_Required action_: Write out every line below that includes the word "tubes".

[[ Available data, beginning ]]

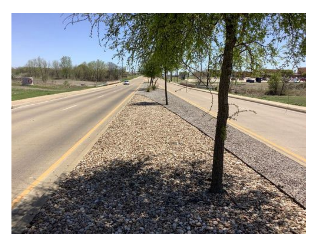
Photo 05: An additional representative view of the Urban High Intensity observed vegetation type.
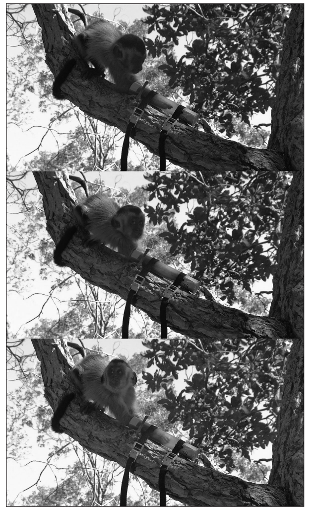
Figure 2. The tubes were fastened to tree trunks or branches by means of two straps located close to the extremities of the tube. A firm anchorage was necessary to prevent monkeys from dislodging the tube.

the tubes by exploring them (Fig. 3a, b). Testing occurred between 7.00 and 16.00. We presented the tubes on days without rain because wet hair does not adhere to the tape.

[[ Available data, end ]]

_Exercise output_:
Figure 2. The tubes were fastened to tree trunks or branches by means of two straps located close to the extremities of the tube. A firm anchorage was necessary to prevent monkeys from dislodging the tube.
the tubes by exploring them (Fig. 3a, b). Testing occurred between 7.00 and 16.00. We presented the tubes on days without rain because wet hair does not adhere to the tape.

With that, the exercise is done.